Enduring Love: A commitment that withstands challenges and grows stronger over time.
Forgiving Love: The ability to forgive and move past grievances, fostering healing and connection.
For the indigenous there is no vs between the love of money and the love of life. Money originated as an expression of love, a sacred symbol of reciprocity, for the gift of life and sustenance that is the Great Mother, Earth. That is certainly not at all true of the money we use today because money is issued as interest-bearing debt (credit) by private banks, a form of slavery. Money should be created by the government exclusively for productive public purposes as an asset for paying a debt, like Lincoln's Greenbacks. This is what the Greens' monetary plank proposes. It would shift the paradigm from fear to love, from greed to care, and transform the system from private to public, from debt to asset which would eliminate the systematic concentration of wealth to the few and instead systematically distribute it among the many. There is hardly any issue we struggle with for which money is not both a problem and a solution. That is because it is the connecting tissue between the human economy and the natural world of life it depends on.

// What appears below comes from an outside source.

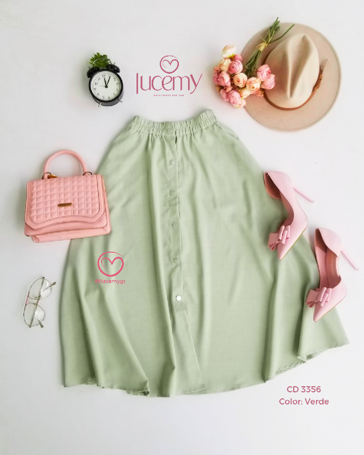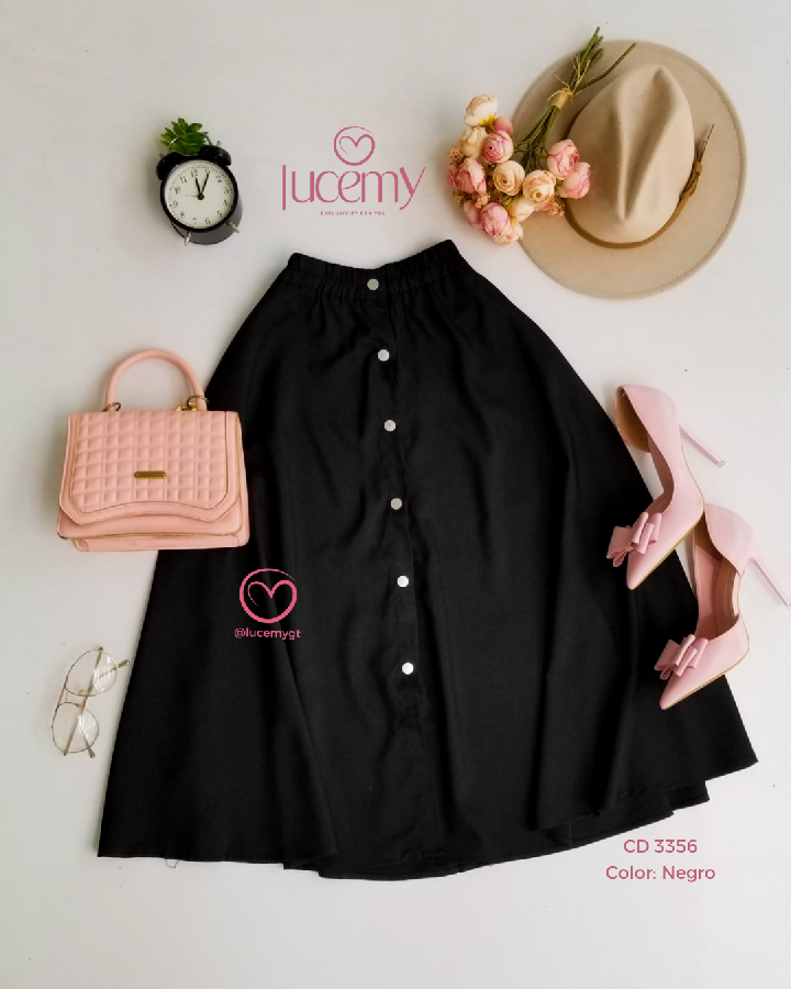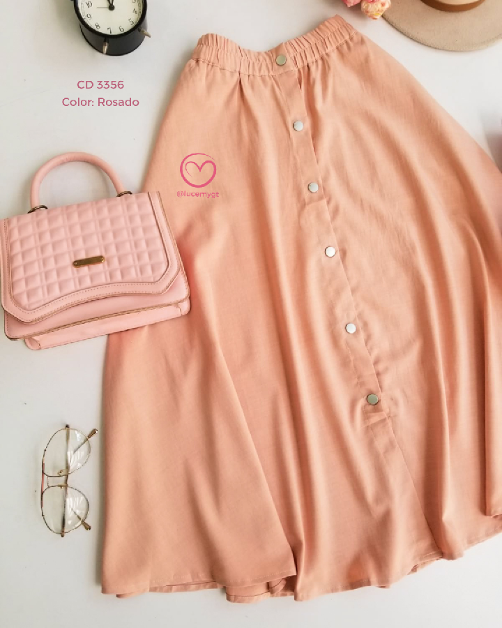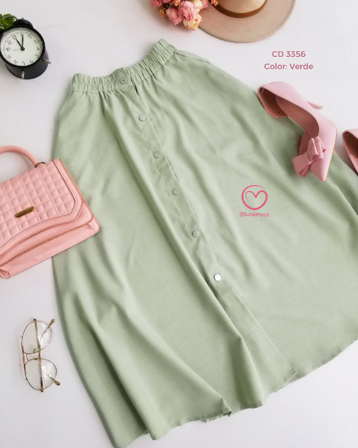 Descripción: Corte en A: se ajusta en la cintura y se abre suavemente hacia abajo Largo midi: cae debajo de la rodilla (aprox.) Botones al frente: estilo tipo “button front”, que le da un toque moderno y decorativo Tela fluida: ideal para un look femenino y elegante promoción 2xQ200.00

To allow money to become a source of revenue to private issuers is to create, first, a secret and illicit arm of the government and, last, a rival power strong enough ultimately to overthrow all other forms of government.
– Frederick Soddy
Our current monetary system is institutionalized usury.
Usury:
The abuse of monetary authority for personal gain.
The great religions and philosophers condemned usury.
Dante described it as
An extraordinarily efficient form of violence by which one does the most damage with the least amount of effort.